There are 14 churches in this stunning landscape, 2,000 metres above sea level where the Mekong cuts a deep gorge through steep mountains.

It's harvest time in Cizhong. And almost everyone is outside bringing in the wheat. At 9.30am, the dull sound of a bell rings out over the village - a call to prayer. But this is the busiest Sunday in the farming calendar, so only nine worshippers are attending church, a sharp drop from the average congregation of several hundred.

Eighty percent of Cizhong's 1,950 residents are Catholic; 15 percent are Buddhist and 5 percent are followers of Dongba, the Naxi religion. They are devout people, but first and foremost they are farmers.

Like other churches in the region, Cizhong has no priest. Only a church in Yanjing, across the border in Tibet proper, has that honour. On special occasions such as Easter, a priest visits from Dali, but that's not enough. Cizhong's faithful have devised their own, unusual รข??Mass'. They still use Tibetan-language prayer and hymn books from a century ago, translated by the missionaries.

But the service is a cultural hodge-podge.
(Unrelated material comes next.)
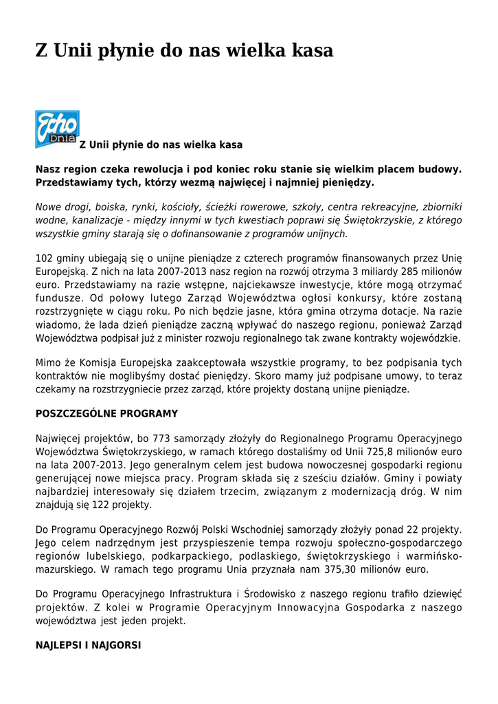 Z Unii płynie do nas wielka kasa Z Unii płynie do nas wielka kasa Nasz region czeka rewolucja i pod koniec roku stanie się wielkim placem budowy. Przedstawiamy tych, którzy wezmą najwięcej i najmniej pieniędzy. Nowe drogi, boiska, rynki, kościoły, ścieżki rowerowe, szkoły, centra rekreacyjne, zbiorniki wodne, kanalizacje - między innymi w tych kwestiach poprawi się Świętokrzyskie, z którego wszystkie gminy starają się o dofinansowanie z programów unijnych. 102 gminy ubiegają się o unijne pieniądze z czterech programów finansowanych przez Unię Europejską. Z nich na lata 2007-2013 nasz region na rozwój otrzyma 3 miliardy 285 milionów euro. Przedstawiamy na razie wstępne, najciekawsze inwestycje, które mogą otrzymać fundusze. Od połowy lutego Zarząd Województwa ogłosi konkursy, które zostaną rozstrzygnięte w ciągu roku. Po nich będzie jasne, która gmina otrzyma dotacje. Na razie wiadomo, że lada dzień pieniądze zaczną wpływać do naszego regionu, ponieważ Zarząd Województwa podpisał już z minister rozwoju regionalnego tak zwane kontrakty wojewódzkie. Mimo że Komisja Europejska zaakceptowała wszystkie programy, to bez podpisania tych kontraktów nie moglibyśmy dostać pieniędzy. Skoro mamy już podpisane umowy, to teraz czekamy na rozstrzygniecie przez zarząd, które projekty dostaną unijne pieniądze. POSZCZEGÓLNE PROGRAMY Najwięcej projektów, bo 773 samorządy złożyły do Regionalnego Programu Operacyjnego Województwa Świętokrzyskiego, w ramach którego dostaliśmy od Unii 725,8 milionów euro na lata 2007-2013. Jego generalnym celem jest budowa nowoczesnej gospodarki regionu generującej nowe miejsca pracy. Program składa się z sześciu działów. Gminy i powiaty najbardziej interesowały się działem trzecim, związanym z modernizacją dróg. W nim znajdują się 122 projekty. Do Programu Operacyjnego Rozwój Polski Wschodniej samorządy złożyły ponad 22 projekty. Jego celem nadrzędnym jest przyspieszenie tempa rozwoju społeczno-gospodarczego regionów lubelskiego, podkarpackiego, podlaskiego, świętokrzyskiego i warmińskomazurskiego. W ramach tego programu Unia przyznała nam 375,30 milionów euro. Do Programu Operacyjnego Infrastruktura i Środowisko z naszego regionu trafiło dziewięć projektów. Z kolei w Programie Operacyjnym Innowacyjna Gospodarka z naszego województwa jest jeden projekt. NAJLEPSI I NAJGORSI Przeanalizowaliśmy wszystkie projekty, które złożyły 102 gminy z naszego województwa do czterech programów unijnych. Wyłoniliśmy te, które złożyły najwięcej i najmniej. W naszym rankingu zdecydowanie prowadzą Kielce, wraz ze znajdującymi się w mieście instytucjami. Wnioskują one o dofinansowanie unijne na kwotę 764 miliony 414 tysięcy złotych. Większość tych inwestycji dotyczy budowy oraz przebudowy dróg miejskich. Z kolei na ostatnim miejscu znajduje się gmina Czarnocin z 1 milionem 218 tysięcy złotych na budowę obiektu sportowego oraz budowę dróg gminnych. Oprócz tego przeliczyliśmy także, ile z kwot dofinansowania, o które starają się samorządy, wychodzi na jednego mieszkańca w poszczególnych gminach na lata 2007-2013. Tu prowadzi gmina Skarżysko Kościelne, w której na każdego mieszkańca wychodzi 5194 złote. Drugie są Kielce z kwotą 3784 złote, trzeci Solec-Zdrój - 2979 złotych. Natomiast najgorzej w tej kwestii wypadł Staszów, w którym na jednego mieszkańca przypada tylko 124 złote z unijnych dotacji. Przeliczenie unijnego dofinansowania poszczególnych inwestycji na jednego mieszkańca w danej gminie bardziej odzwierciedla poziom sprawności samorządu przy przygotowaniu projektów. Właśnie te gminy najbardziej zmienią swój obraz w latach 2008-2013. Tam najbardziej widoczne będą inwestycje. SPEŁNIONE MARZENIE Wójt gminy Skarżysko Kościelne Zbigniew Celski, którego gmina prowadzi w rankingu, może czuć się ojcem sukcesu. Ministerstwo Rozwoju Regionalnego pozostawiło na liście projektów kluczowych wielką inwestycję, chodzi o skanalizowanie gminy. Realizowana będzie ona wespół z Miejskim Przedsiębiorstwem Wodociągów i Kanalizacji w Skarżysku-Kamiennej. Wartość projektu w samej tylko gminie Skarżysko Kościelne liczącej zaledwie 6439 mieszkańców wynosi aż 50 milionów złotych. - Zostaną skanalizowane wszystkie miejscowości w gminie, z wyjątkiem Kierza Niedźwiedziego. Tam kanalizacja powstanie z innych pieniędzy. Tak naprawdę przygotowanie tego projektu zajęło dziesięć lat. Trzy lata trwało sporządzenie samej dokumentacji. Ogromną rolę odegrała grupa społeczników, którzy przekonywali mieszkańców do inwestycji. Były dziesiątki spotkań wiejskich w tych sprawach. Rezultat jest taki, że na dziś 80 procent mieszkańców ma zrobioną dokumentację na przyłącza kanalizacyjne do swoich domostw. Prace rozpoczniemy pod koniec bieżącego roku, zakończymy w 2011 - mówi Zbigniew Celski. Z jednej strony gmina odniosła sukces, z drugiej ma finansowy problem. Musi mieć wielki wkład własny do inwestycji. - Potrzebujemy 20 milionów złotych, a roczny budżet gminy wynosi 10 milionów. Konieczne będzie wzięcie kredytu. Myślę, że będziemy go w stanie spłacić w ciągu dziesięciu lat. Wtedy inwestycja się zwróci - mówi wójt Zbigniew Celski. Gdy zostanie zrobiona kanalizacja, gmina weźmie się za drogi. Jeśli Zarząd Województwa podejmie pomyślną dla niej decyzję, otrzyma ona niemal 3 miliony złotych z Regionalnego Programu Operacyjnego. - Gruntownie zmodernizujemy 16 kilometrów naszych gminnych dróg. Będą nowe chodniki, oświetlenie - mówi wójt Zbigniew Celski. - Spełnią się moje marzenie - dodaje. KIELCE ZGARNĄ WIELKĄ PULĘ Jeśli chodzi o wielkość dofinansowanie ogólnego oraz po jego przeliczeniu na głowę mieszkańca na prawdziwą potęgę w województwie świętokrzyskim wyrastają Kielce. - Z inwestycjami wystartujemy w tym roku. Budżet na nie wyniesie okoł

The faithful sing and pray for up to three hours, with tunes that recall the ritual chanting of Buddhist monks. They kneel and rise in prayer repeatedly.

After the service, which ends abruptly as if by prearranged signal, a male worshipper approaches the altar, genuflects and closes the slightly opened gate.It's a symbolic gesture that seems to say, "The priest has left."

One by one they file out of the church and rush down the village road to join the harvest.